→ Data:
__________________________________________________
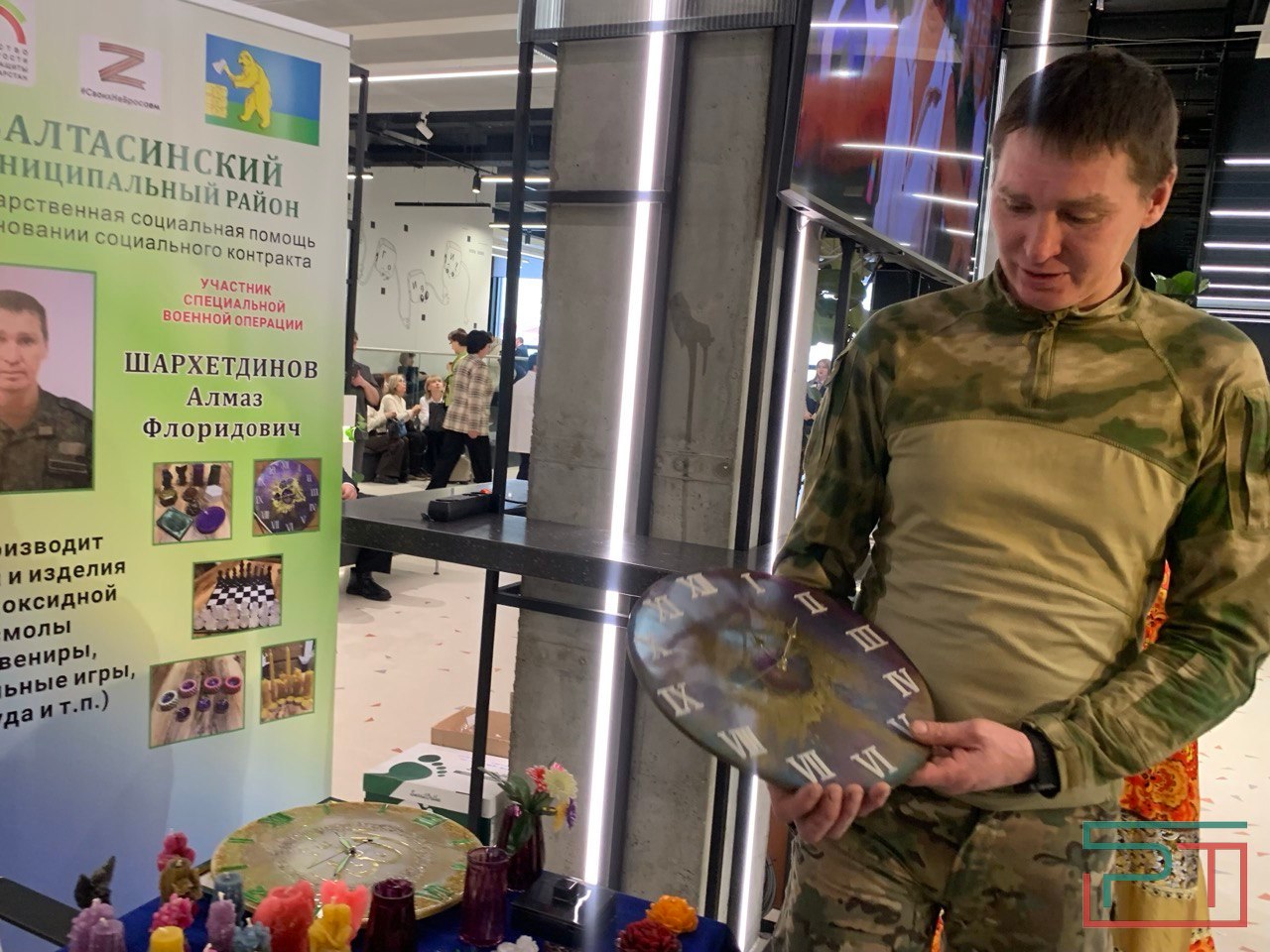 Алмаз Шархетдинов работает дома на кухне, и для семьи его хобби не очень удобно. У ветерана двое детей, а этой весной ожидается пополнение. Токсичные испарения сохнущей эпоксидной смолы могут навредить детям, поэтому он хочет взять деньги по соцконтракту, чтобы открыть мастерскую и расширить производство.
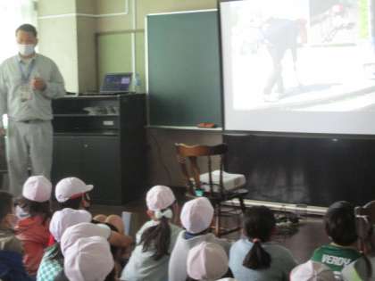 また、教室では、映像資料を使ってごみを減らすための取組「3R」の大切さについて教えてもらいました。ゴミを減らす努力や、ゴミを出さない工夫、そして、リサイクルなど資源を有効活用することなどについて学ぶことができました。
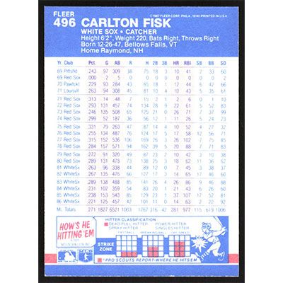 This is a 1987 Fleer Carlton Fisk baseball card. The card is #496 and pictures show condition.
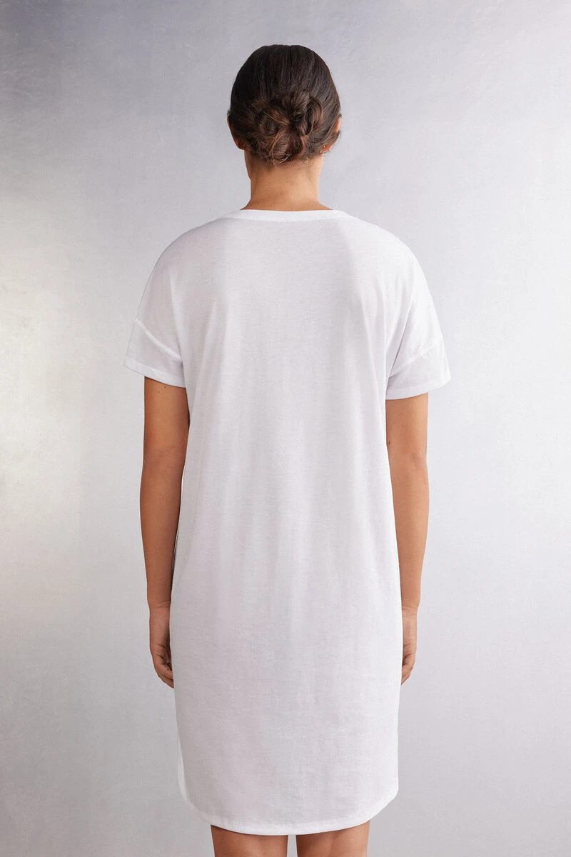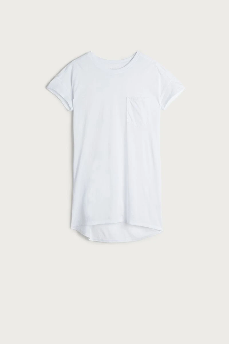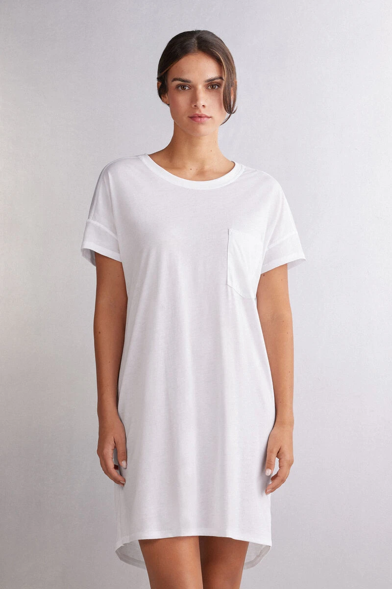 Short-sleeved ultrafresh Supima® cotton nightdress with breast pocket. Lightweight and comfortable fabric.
__________________________________________________
→ Task brief: Your answer must be an exact copy of the lines above, from the line that contains "This is a 1987" through the final line, with no pictures in it.

→ Exercise answer:
 This is a 1987 Fleer Carlton Fisk baseball card. The card is #496 and pictures show condition.
 Short-sleeved ultrafresh Supima® cotton nightdress with breast pocket. Lightweight and comfortable fabric.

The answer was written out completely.